▸ HOW TO COMPLETE THIS TASK:
For the entries below, repeat exactly each line starting with the one that contains "爱可以问谁-李克勤(吉他谱 吉他六线谱 吉他歌谱 吉它谱)" and going on through the one that contains "今回はシルバーリングを曲げて", and no others.
PROVIDED INFORMATION section start
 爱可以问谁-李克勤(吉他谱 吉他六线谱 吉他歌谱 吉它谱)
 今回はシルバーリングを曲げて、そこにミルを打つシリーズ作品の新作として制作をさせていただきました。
PROVIDED INFORMATION section end
PROVIDED INFORMATION section start
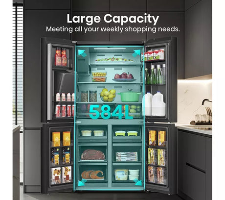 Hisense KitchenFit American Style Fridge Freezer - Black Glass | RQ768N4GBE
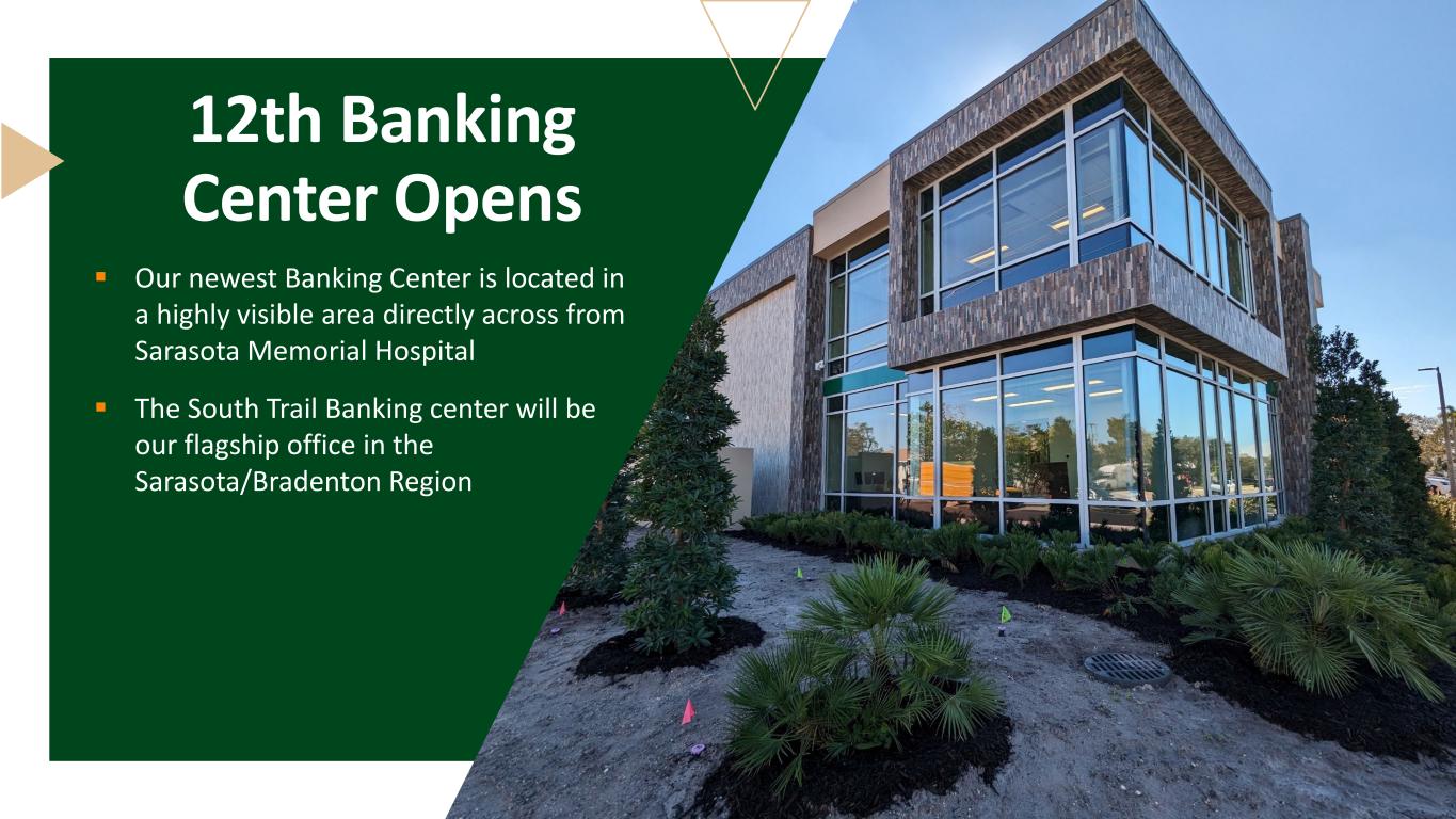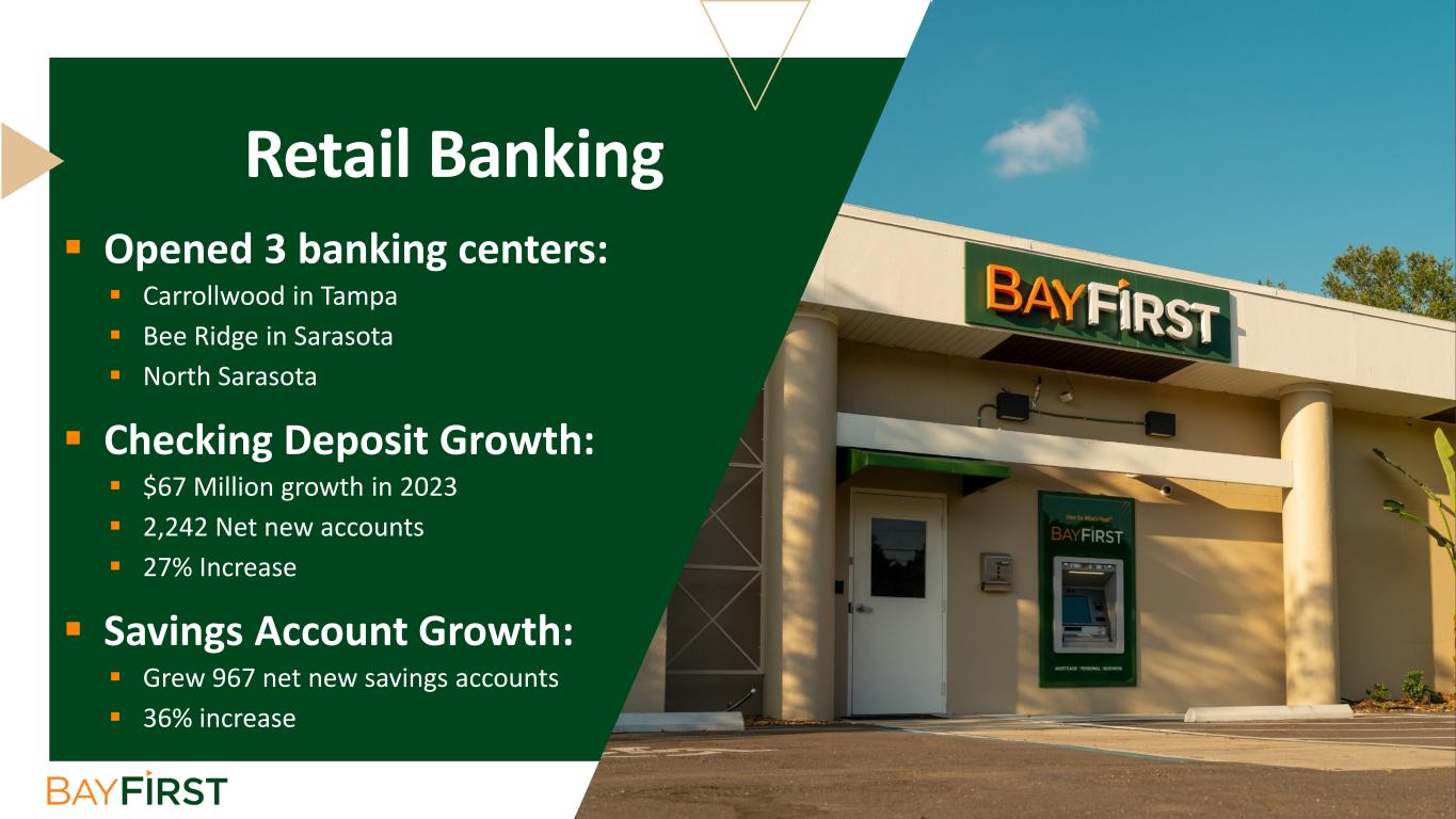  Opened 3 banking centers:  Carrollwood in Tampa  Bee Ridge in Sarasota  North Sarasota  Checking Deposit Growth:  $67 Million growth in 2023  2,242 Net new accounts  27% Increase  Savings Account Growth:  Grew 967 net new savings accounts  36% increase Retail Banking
PROVIDED INFORMATION section end
▸ EXPECTED ANSWER:
 爱可以问谁-李克勤(吉他谱 吉他六线谱 吉他歌谱 吉它谱)
 今回はシルバーリングを曲げて、そこにミルを打つシリーズ作品の新作として制作をさせていただきました。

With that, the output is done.